Exercise directions. Starting from the line with "配裙子浅口单鞋 女2025春夏新款 高跟鞋 内增高尖头水钻粗跟玛丽珍鞋" and going up to and including the line with "Trapped: The 30-tonne", copy the listing below exactly. Leave all images out.

Records to use.
-=-=-
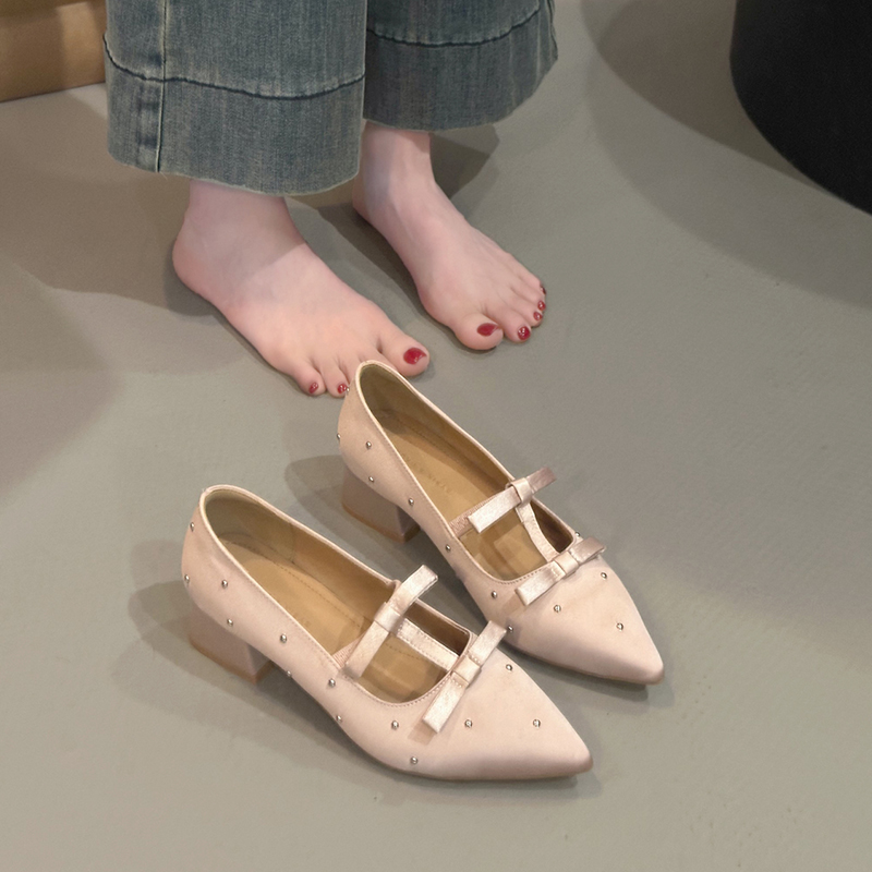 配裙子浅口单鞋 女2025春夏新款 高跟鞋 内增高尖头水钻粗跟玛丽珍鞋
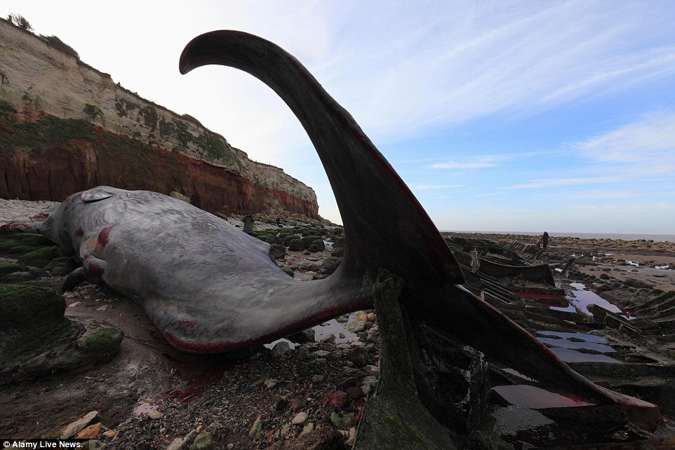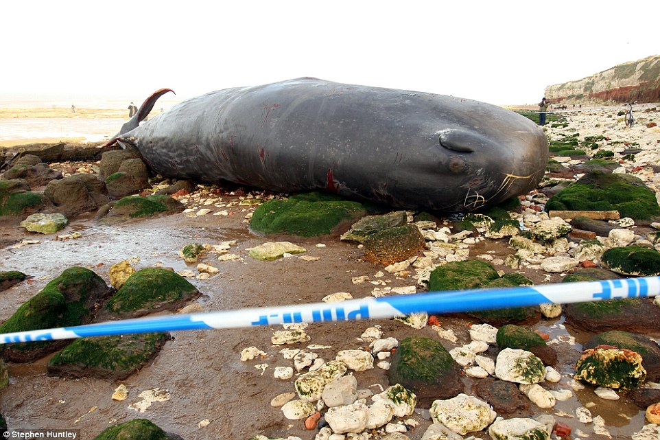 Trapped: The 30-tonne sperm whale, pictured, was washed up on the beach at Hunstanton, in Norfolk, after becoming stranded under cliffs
-=-=-
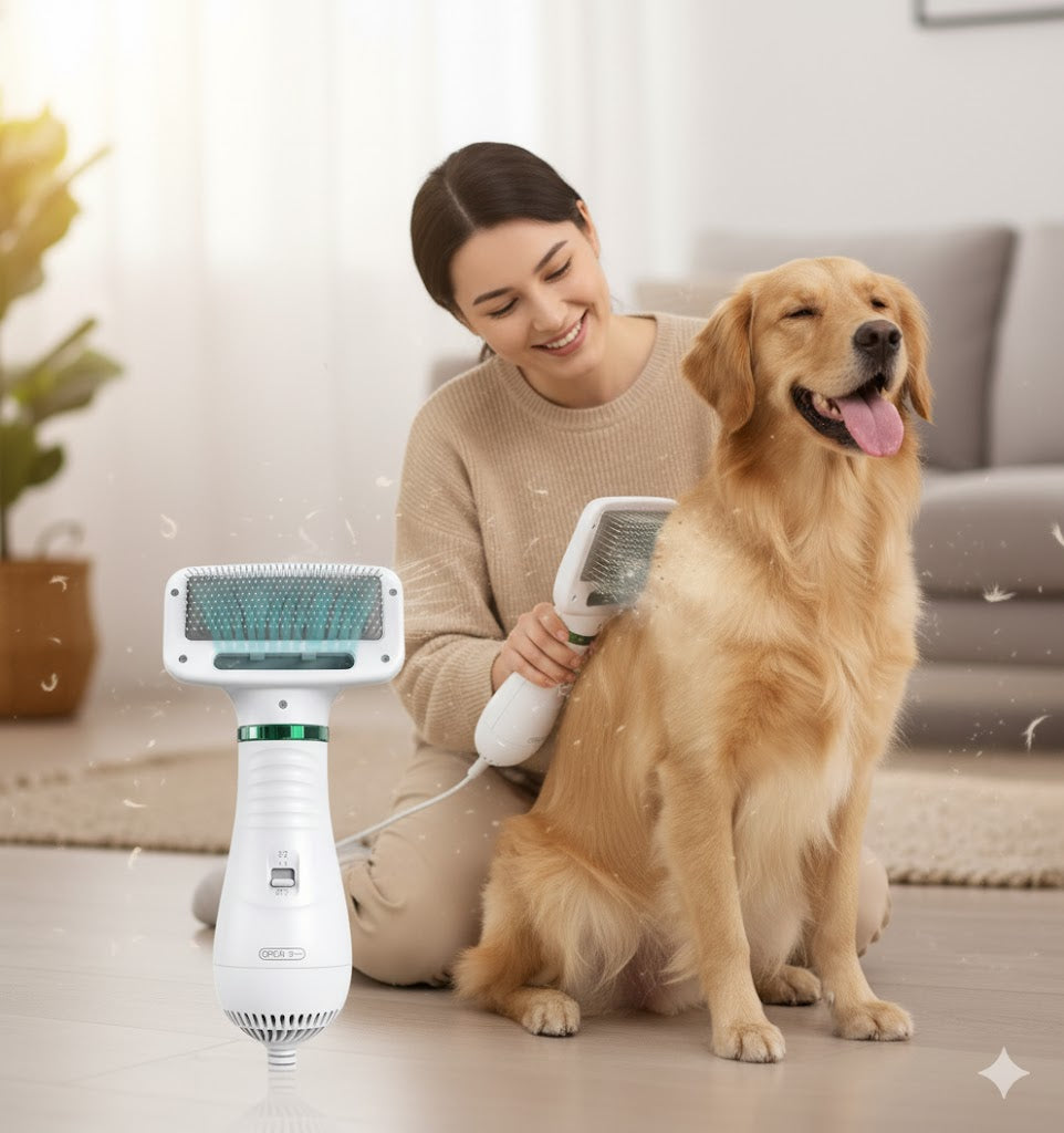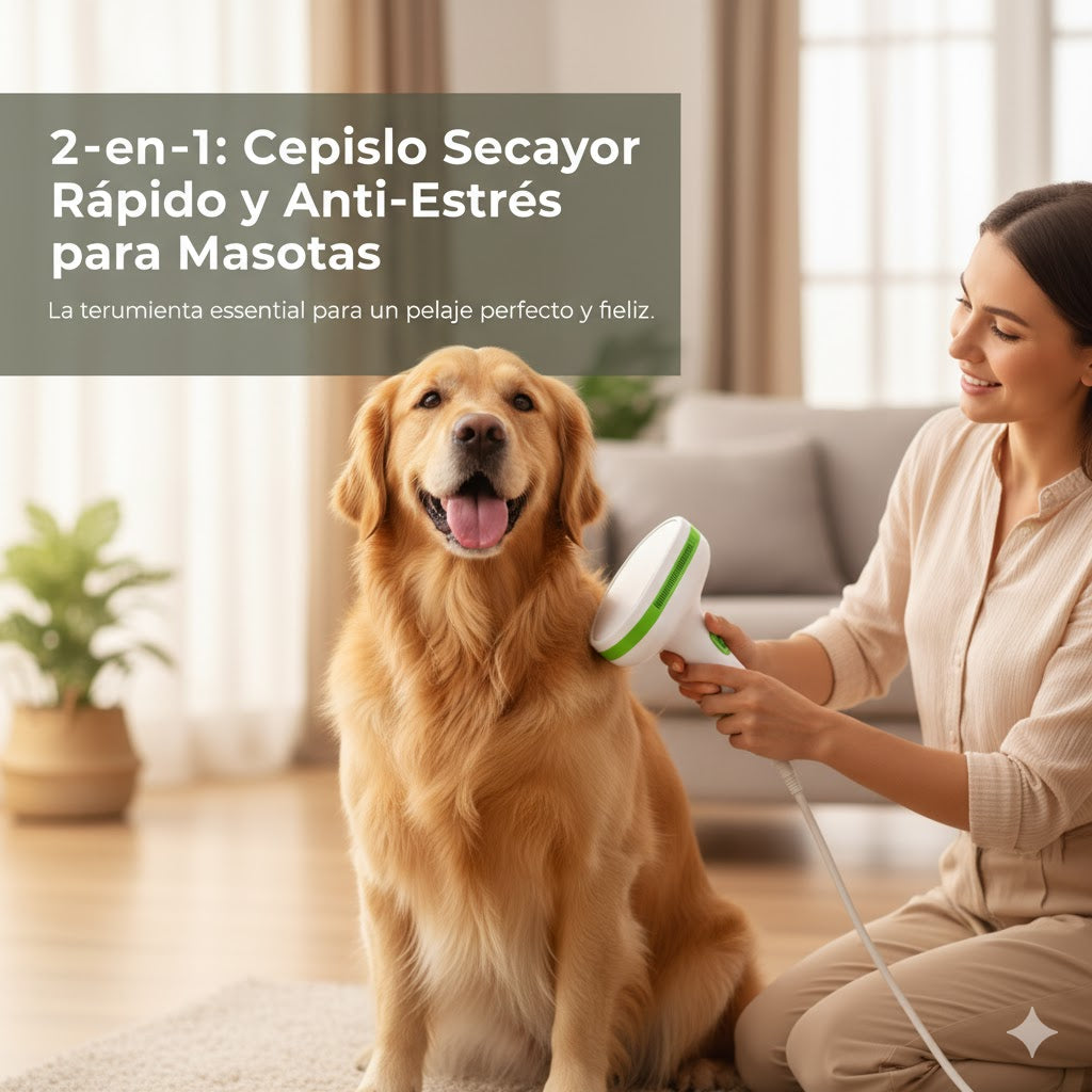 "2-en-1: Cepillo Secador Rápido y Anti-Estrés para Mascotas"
-=-=-
Problem solution.
 配裙子浅口单鞋 女2025春夏新款 高跟鞋 内增高尖头水钻粗跟玛丽珍鞋
 Trapped: The 30-tonne sperm whale, pictured, was washed up on the beach at Hunstanton, in Norfolk, after becoming stranded under cliffs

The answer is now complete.